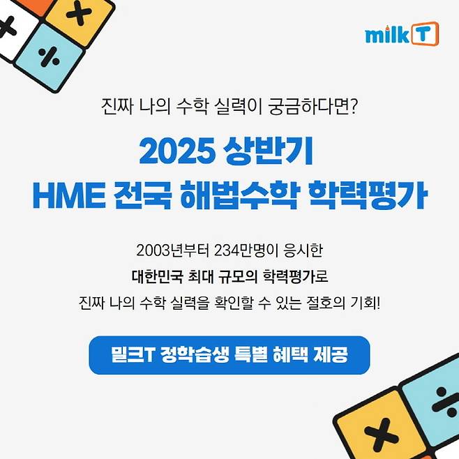 천재교육·천재교과서 밀크티, 'HME 해법수학 학력평가' 접수 혜택 제공
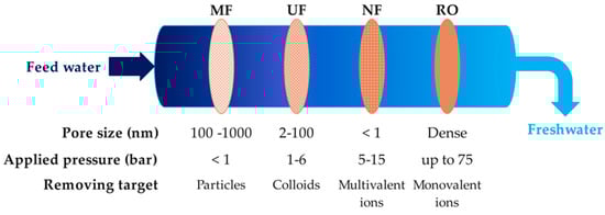 Membrane separation technology, a cornerstone for various fluid separations, offers advantages such as low running energy requirements, easy upscaling, simplicity, and no need for additional chemicals. The classification of membrane technology processes is organized based on different driving forces, including pressure, electrical, thermal, and concentration-driven processes. Figure 4 displays different types of pressure-driven membrane processes, which are categorized based on the pore size, applied pressure, and removing target []. Microfiltration (MF) membranes, which have the largest pores (0.1–1 μm), operate at low pressures (below 1 bar) to remove larger particles. Ultrafiltration (UF) membranes have smaller pores (2–100 nm) and slightly higher pressures (1–6 bars), which help to eliminate suspended solids and macromolecules. Nanofiltration (NF) membranes have even tighter pores (below 1 nm) and operate at moderate pressures (5–15 bars) to separate smaller molecules and multi-valent ions. Reverse osmosis (RO) membranes have a dense structure and operate under high pressure up to 70 bars for seawater desalination.
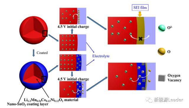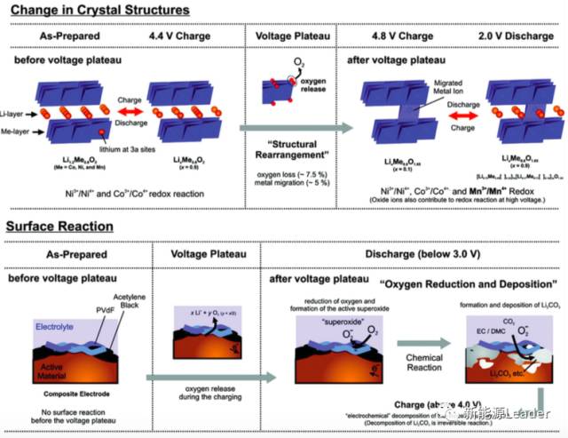 富鋰材料容量高,并且還具有低成本的優(yōu)勢(shì),可以說是非常理想的鋰離子電池正極材料,當(dāng)然任何事情都不可能是完美的,在首次使用的過程中為了發(fā)揮出富鋰材料的高容量,要采用高電壓活化,這一過程中除了形成我們需要的Li2MnO3物相外,也會(huì)生成Li2O,還會(huì)釋放活性氧,這不僅會(huì)破壞富鋰材料自身的結(jié)構(gòu),還會(huì)導(dǎo)致電解液的氧化分解,造成較高的不可逆容量。

--

> _What you have to do_: Without the images, print all of the lines above exactly.

> _Answer for this exercise_:
 천재교육·천재교과서 밀크티, 'HME 해법수학 학력평가' 접수 혜택 제공
 Membrane separation technology, a cornerstone for various fluid separations, offers advantages such as low running energy requirements, easy upscaling, simplicity, and no need for additional chemicals. The classification of membrane technology processes is organized based on different driving forces, including pressure, electrical, thermal, and concentration-driven processes. Figure 4 displays different types of pressure-driven membrane processes, which are categorized based on the pore size, applied pressure, and removing target []. Microfiltration (MF) membranes, which have the largest pores (0.1–1 μm), operate at low pressures (below 1 bar) to remove larger particles. Ultrafiltration (UF) membranes have smaller pores (2–100 nm) and slightly higher pressures (1–6 bars), which help to eliminate suspended solids and macromolecules. Nanofiltration (NF) membranes have even tighter pores (below 1 nm) and operate at moderate pressures (5–15 bars) to separate smaller molecules and multi-valent ions. Reverse osmosis (RO) membranes have a dense structure and operate under high pressure up to 70 bars for seawater desalination.
 富鋰材料容量高,并且還具有低成本的優(yōu)勢(shì),可以說是非常理想的鋰離子電池正極材料,當(dāng)然任何事情都不可能是完美的,在首次使用的過程中為了發(fā)揮出富鋰材料的高容量,要采用高電壓活化,這一過程中除了形成我們需要的Li2MnO3物相外,也會(huì)生成Li2O,還會(huì)釋放活性氧,這不僅會(huì)破壞富鋰材料自身的結(jié)構(gòu),還會(huì)導(dǎo)致電解液的氧化分解,造成較高的不可逆容量。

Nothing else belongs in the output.